Top Global Risks in 2022: Climate Failure and Social Crisis
, fromMarsh & McLennan Cos. Inc.
Climate crisis, social divides, cyber risks, and uneven global recovery as pandemic lingers are top risks. 1 in 6 experts are optimistic and 1 in 10 believe the global recovery will accelerate. To resolve systemic issues, global leaders must adopt a coordinated multistakeholder response.
As the world enters the third year of the pandemic, climate risks are dominating global concerns. While climate is the top long-term risk, societal divides, livelihood crises, and mental health deterioration are the top short-term global concerns, according to the Global Risks Report 2022.
Furthermore, most experts believe that the global economic recovery will be volatile and uneven over the next three years.

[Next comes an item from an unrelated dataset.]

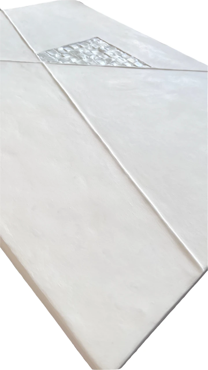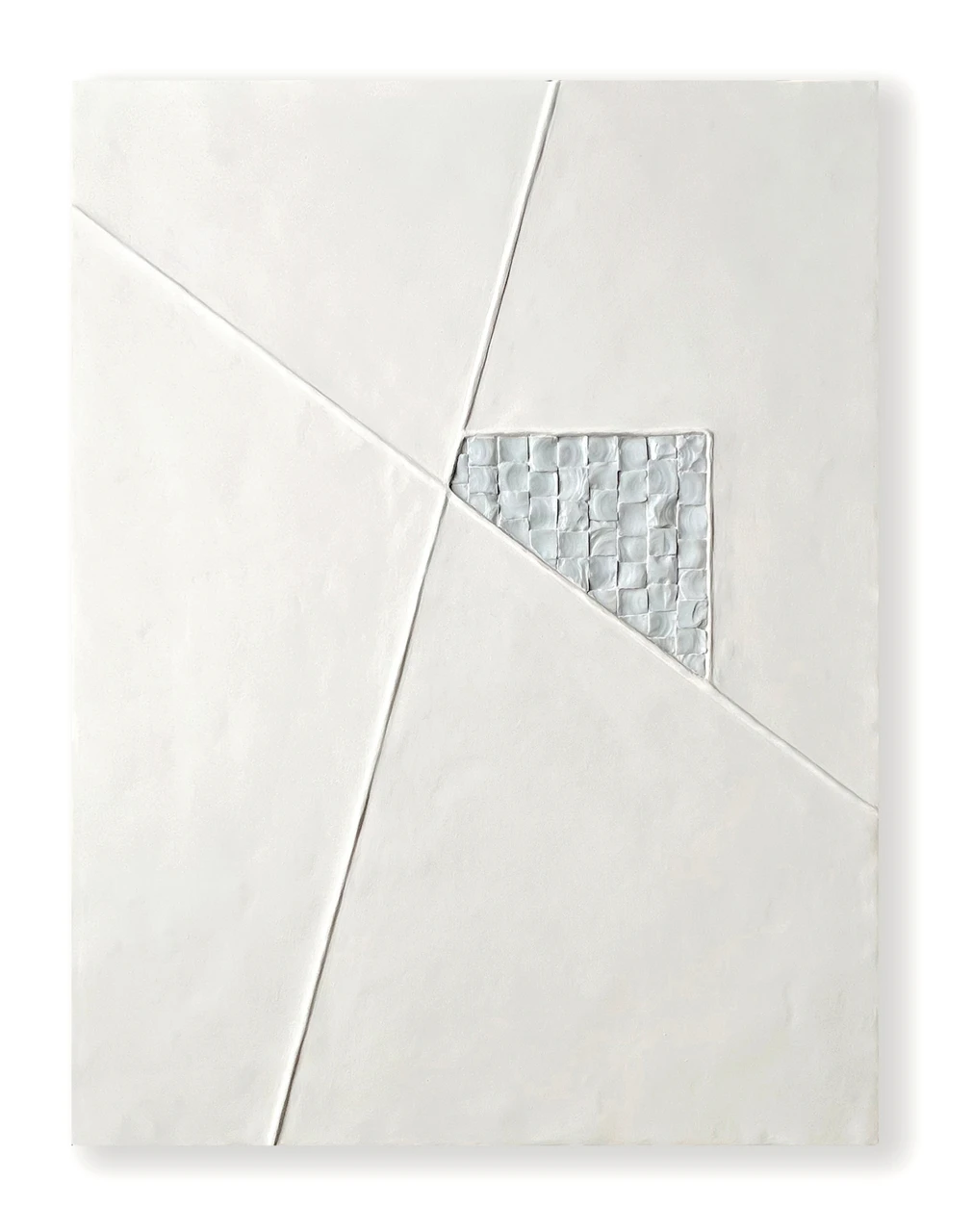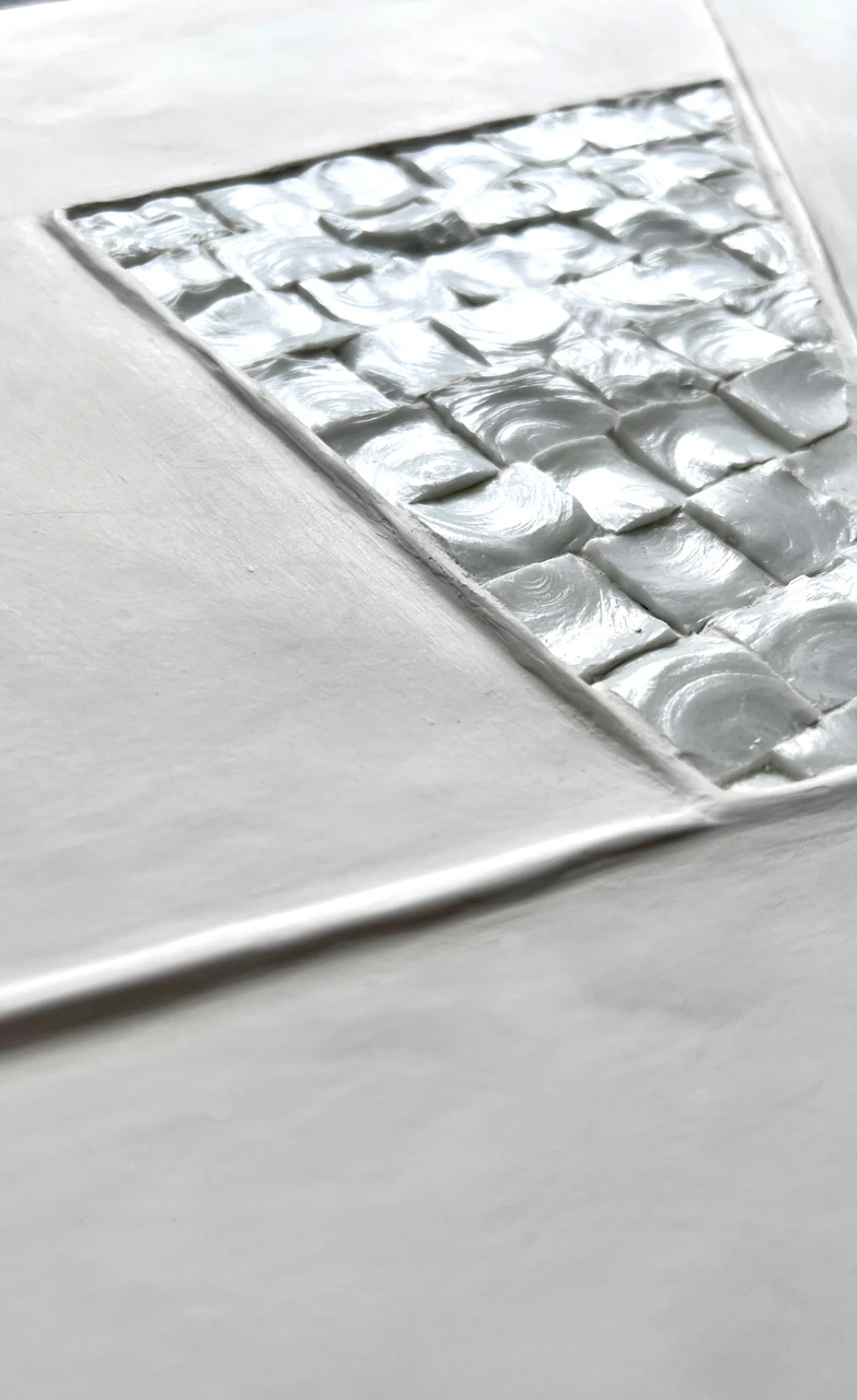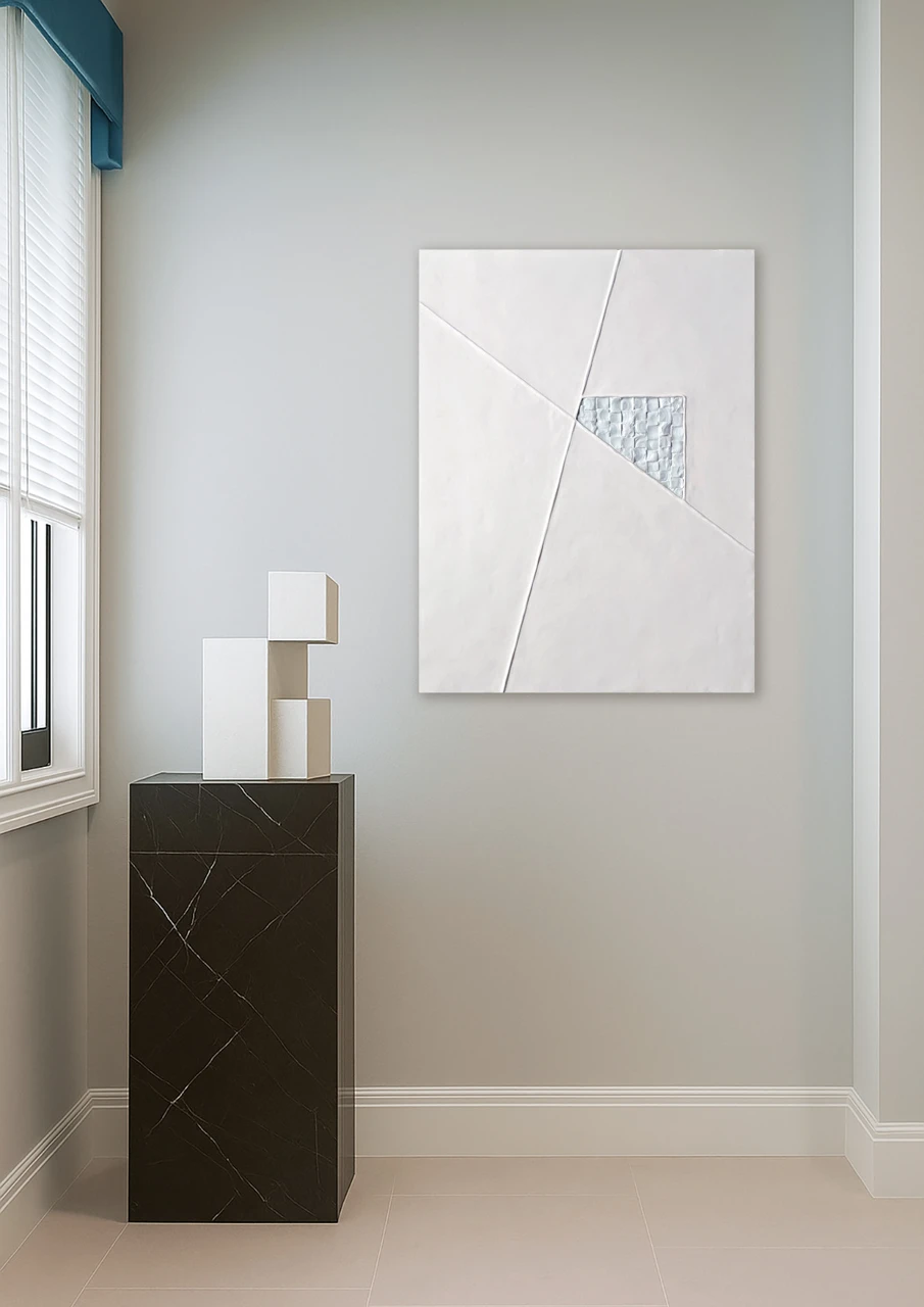 Работа исследует взаимосвязь формы и восприятия: как простые геометрические складки улавливают и перенаправляют свет, как небольшое отверстие (мозаичное «окно») меняет восприятие аскетичного поля. Работа предлагает тишину как свойство материала — тихую архитектуру, располагающую к пристальному рассмотрению и неспешному созерцанию.
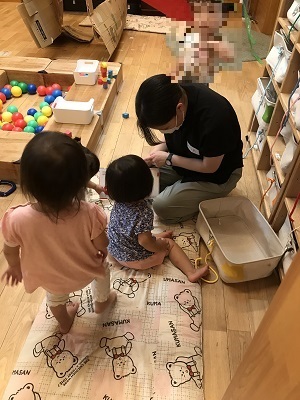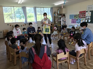 また本科目では、体験を通してもっと子どもの発達を学びたい有志に向けて、1,2歳児の保育場面への参加体験の機会を設けました。協力していただいた施設は、仙台市八木山にある学校法人仙台こひつじ学園認定向山こども園です。他の授業で作成したフェルトのおもちゃを寄付させていただいたご縁で実習を引き受けていただきました。言葉でのコミュニケーションがまだ難しい乳幼児と触れ合う機会を通して、意図を汲み取ることの大切さや寄り添う姿勢を学んだとの感想が聞かれました。

The report, now in its 17th edition, encourages leaders to think beyond the quarterly reporting cycle and develop policies that manage risks and shape the agenda for the coming years. It investigates four emerging risks: cybersecurity, space competition, a disorderly climate transition, and migration pressures, each of which necessitates global coordination for successful management.
"Health and economic disruptions are exacerbating social cleavages. This is causing tensions at a time when collaboration within societies and among the international community will be critical to ensuring a more even and rapid global recovery. Global leaders must come together and take a coordinated multistakeholder approach to address unrelenting global challenges and build resilience ahead of the next crisis,"
said Saadia Zahidi, Managing Director of the World Economic Forum.
"As companies recover from the pandemic, they are rightly sharpening their focus on organizational resilience and ESG credentials,"
Carolina Klint, Risk Management Leader, Continental Europe, said.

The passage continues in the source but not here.